18.3.09



I have been enchanted by faces lately. 


15.3.09



When I look outside. What do I see. Its hard to label the out of doors. 

With such a vast area being covered, how could it be put into words. 
I would assume, the only way to give an accurate description would be
the lack of words. The silence. The pure essence of experiencing is so much better
then explaining. 

1.3.09

A new focus.

It is snowing and spring break is in four days. Does not seem likely it will be a warm break. But I'm ok with that, time off will be wonderful. I'm excited about being in morganton with family and old friends. I never thought friends I made in highschool, would be to this day some of the most amazing people I have ever met. 

I wonder if thats because, if they were your friends at the most awkward stage in your life, they are going to stick with you while you become more self aware. I would like to think thats true. I'm speechless at how incredible some of the people from highschool are turning out to be. Yeah break is going to be good. 

I wanted to share this website, it's one of my art teachers for this semester.

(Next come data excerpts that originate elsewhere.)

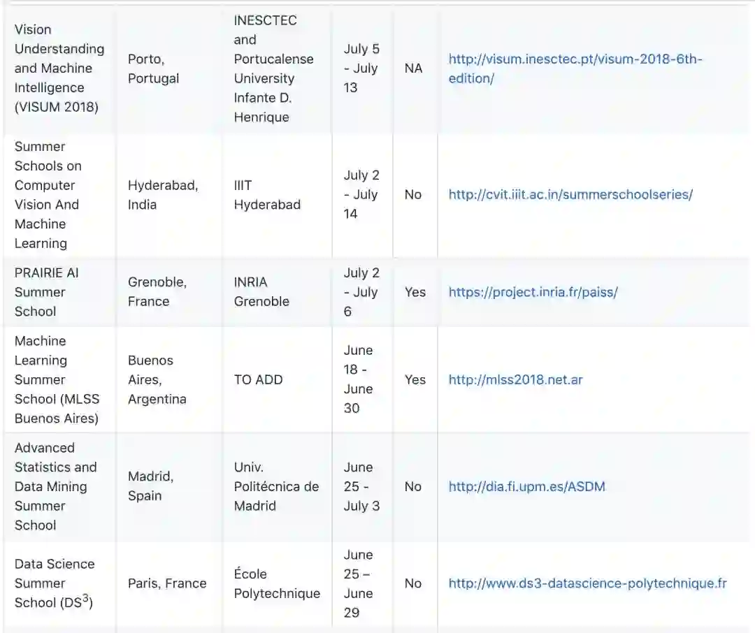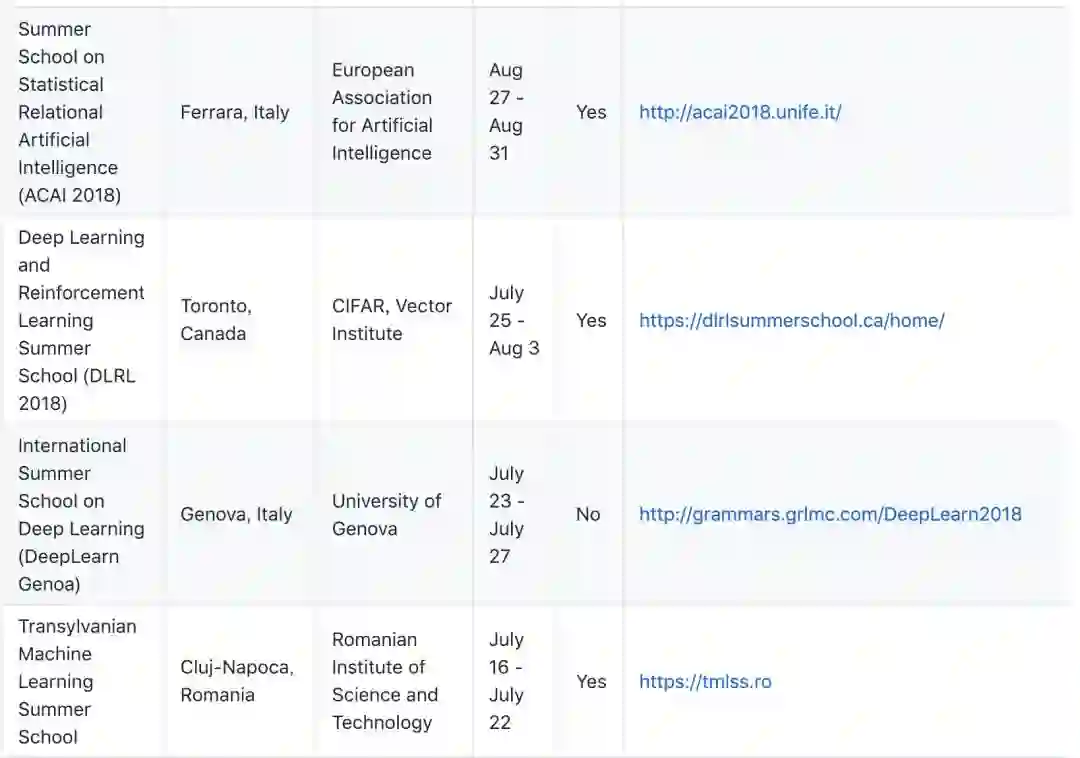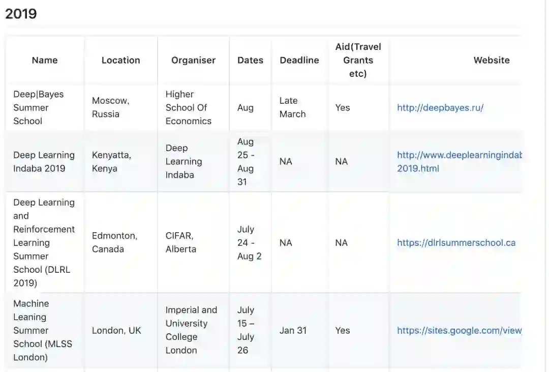 在此列表中,作者列出了这些暑期学习的开办地点、组织方、日期、截止日期、是否有资助等信息。其中包括我们所熟知的由 CIFAR 等机构主办的 DLRL 暑期学校。
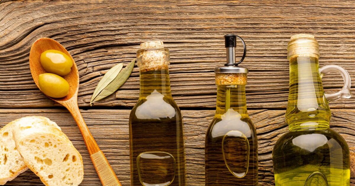 Tipos de azeite lado a lado, mostrando variações de cor e intensidade para diferentes usos. Foto: Freepik
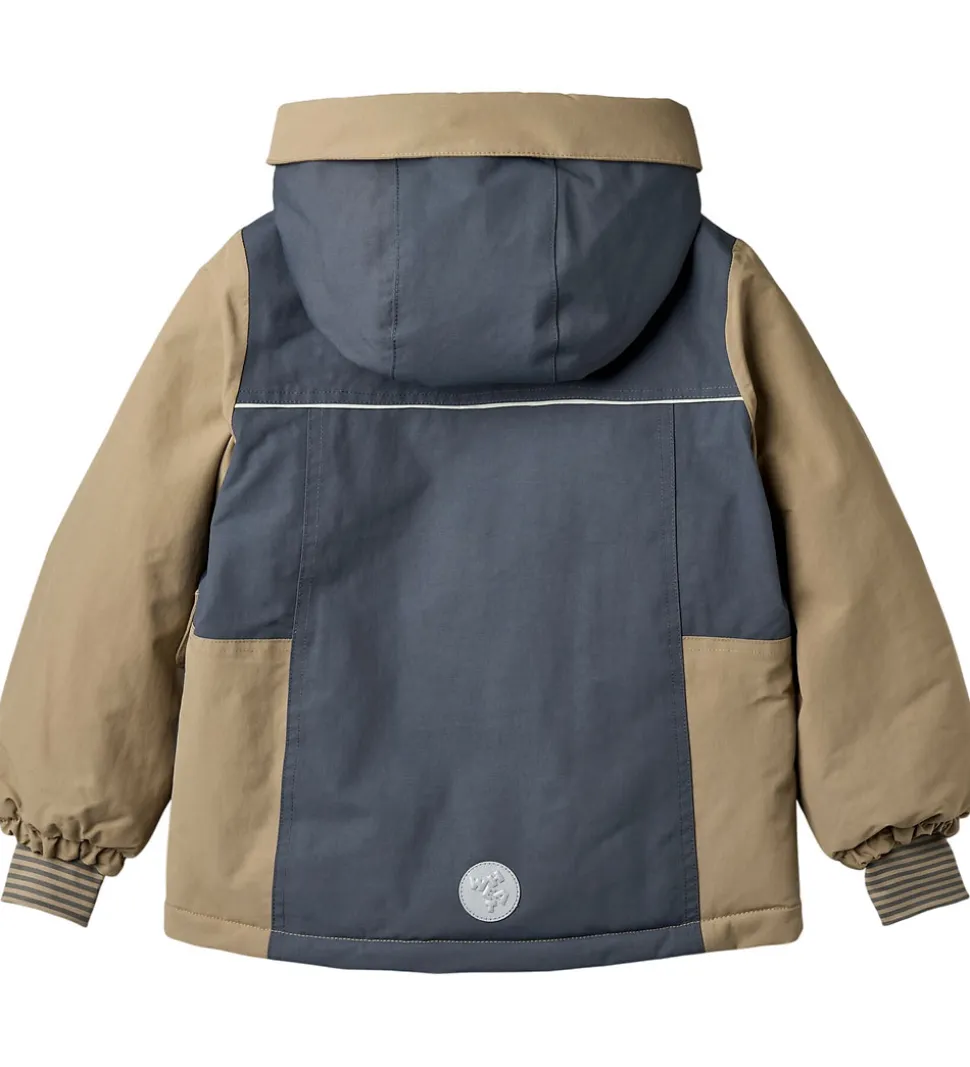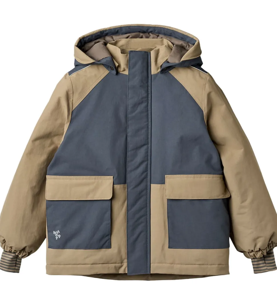 Fin Wheat vinterjakke i beige og gråblå og med velplacerede reflekslogoer og -detaljer.

Isn't she amazing? 

25.2.09

New Year.

So this will be my first post of the new year. And no surprise when I say much has changed. Which is the usual case when time is involved. I am not going to bore you or myself with writing down insignificant details.  But I will say this, life has been exciting.  Of course its had its low points, mixed in with even lower points. But the thrill of getting back up is well worth the wait. 

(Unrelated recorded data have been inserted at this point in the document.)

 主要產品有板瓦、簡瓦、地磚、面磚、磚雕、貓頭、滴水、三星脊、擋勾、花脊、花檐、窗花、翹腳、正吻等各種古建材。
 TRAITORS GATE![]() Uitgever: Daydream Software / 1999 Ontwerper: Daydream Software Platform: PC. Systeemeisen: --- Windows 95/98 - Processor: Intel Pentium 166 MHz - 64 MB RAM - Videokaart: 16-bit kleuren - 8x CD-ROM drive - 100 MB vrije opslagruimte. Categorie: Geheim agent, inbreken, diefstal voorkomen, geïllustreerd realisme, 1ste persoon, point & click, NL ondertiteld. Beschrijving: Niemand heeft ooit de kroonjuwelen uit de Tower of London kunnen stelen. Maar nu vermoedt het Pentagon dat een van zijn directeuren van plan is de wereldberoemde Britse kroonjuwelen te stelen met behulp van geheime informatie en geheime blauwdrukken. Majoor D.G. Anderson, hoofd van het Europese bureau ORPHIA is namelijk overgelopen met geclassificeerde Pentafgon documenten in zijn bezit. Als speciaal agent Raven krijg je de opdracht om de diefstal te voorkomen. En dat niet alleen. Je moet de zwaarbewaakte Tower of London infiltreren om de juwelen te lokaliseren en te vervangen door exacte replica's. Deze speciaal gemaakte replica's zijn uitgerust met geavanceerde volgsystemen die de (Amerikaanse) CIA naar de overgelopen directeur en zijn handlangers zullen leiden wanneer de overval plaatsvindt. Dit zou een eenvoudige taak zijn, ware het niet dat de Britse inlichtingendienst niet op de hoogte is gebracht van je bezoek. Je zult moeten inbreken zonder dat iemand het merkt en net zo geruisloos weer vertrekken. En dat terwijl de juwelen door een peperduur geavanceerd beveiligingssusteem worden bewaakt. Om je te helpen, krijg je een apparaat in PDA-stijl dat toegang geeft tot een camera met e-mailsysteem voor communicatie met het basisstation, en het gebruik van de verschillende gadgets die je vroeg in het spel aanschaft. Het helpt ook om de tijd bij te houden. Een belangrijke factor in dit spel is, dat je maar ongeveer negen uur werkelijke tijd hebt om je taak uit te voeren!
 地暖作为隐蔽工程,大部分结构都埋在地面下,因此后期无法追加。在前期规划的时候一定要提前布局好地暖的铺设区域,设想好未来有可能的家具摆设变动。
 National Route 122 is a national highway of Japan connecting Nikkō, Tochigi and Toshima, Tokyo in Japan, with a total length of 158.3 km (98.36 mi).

And to be honest the silent moments are what give me inspiration, they seem to be the only moments that show me truth. Talk is overrated, give me silence any day. I think if I had to pick my perfect conditions this is what they would consist of: 
1. sitting outside, while its warm(above 60) 
2. art supplies in hand
3. or a good book
4. soaking up life. 

I can't be a teacher anymore. I have realized that my ideals and what I want for myself and for other people don't coincide with what our schools are teaching. In my education class the other day we were having a discussion about how we are preparing children to learn and produce things so we can get them a good job with a good salary. 
Really? Am I the only one who thinks this is bullshit. I do not want the human race to continue this oblivious cycle of thinking in order to feel whole, and accomplished your bank account has to be full.  I can't be part of something thats main goal is Kids, Learn, Pass Test, Make Money. 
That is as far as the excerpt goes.